(Raw data)
==================================================

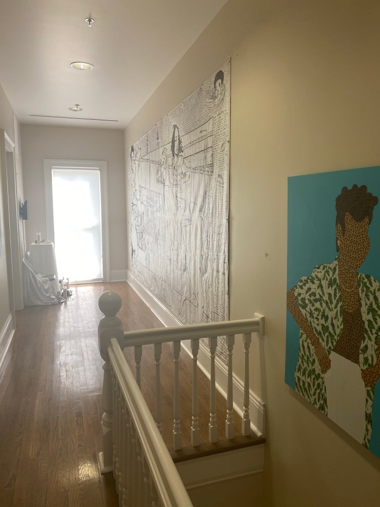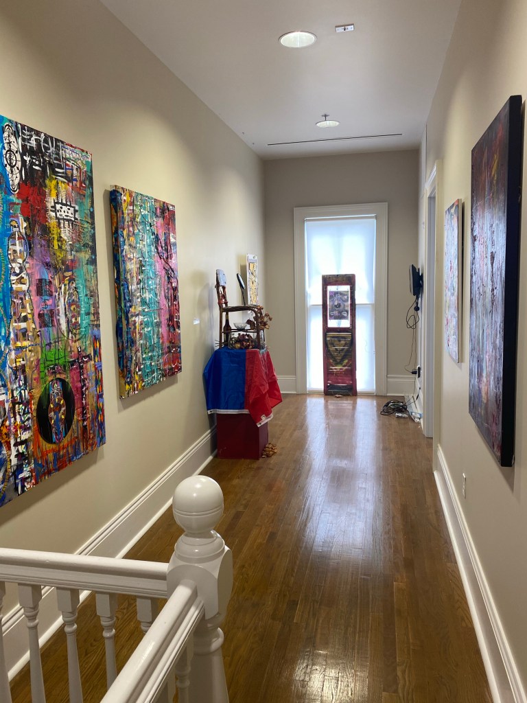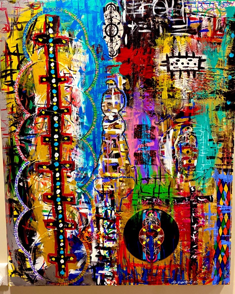 Langston Alston’s large-scale intricate work evokes the life and spirit of the city, animating and representing the physical embodiment of the work of the altars. Note the presence of archangels throughout his piece.
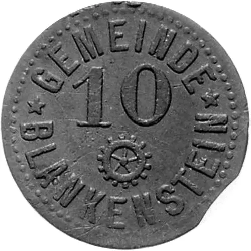 | Obverse lettering | GEMEINDE 10 ★ BLANKENSTEIN ★ |
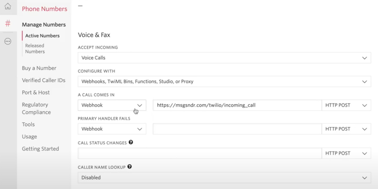 Step 2: Scroll down to the “Voice and Fax” section. Under when “a call comes in”, the default is a webhook that reads a default Twilio message. You can update this and change it to the TwiML Bin you just created. From the first dropdown, change to “TwiML Bin” and in the second dropdown, choose the name of your voicemail you set up.
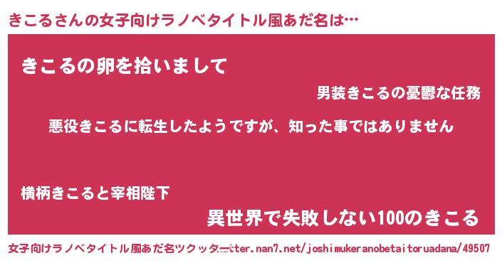 | 男性向けラノベタイトル風あだ名 | 『この素晴らしい世界にきこるを!』 |

==================================================

(Required work)
Nothing but the lines from the one with "BLANKENSTEIN ★ |" through the last line of the material above should appear in the answer, each copied exactly, with no pictures.

(Response)
 | Obverse lettering | GEMEINDE 10 ★ BLANKENSTEIN ★ |
 Step 2: Scroll down to the “Voice and Fax” section. Under when “a call comes in”, the default is a webhook that reads a default Twilio message. You can update this and change it to the TwiML Bin you just created. From the first dropdown, change to “TwiML Bin” and in the second dropdown, choose the name of your voicemail you set up.
 | 男性向けラノベタイトル風あだ名 | 『この素晴らしい世界にきこるを!』 |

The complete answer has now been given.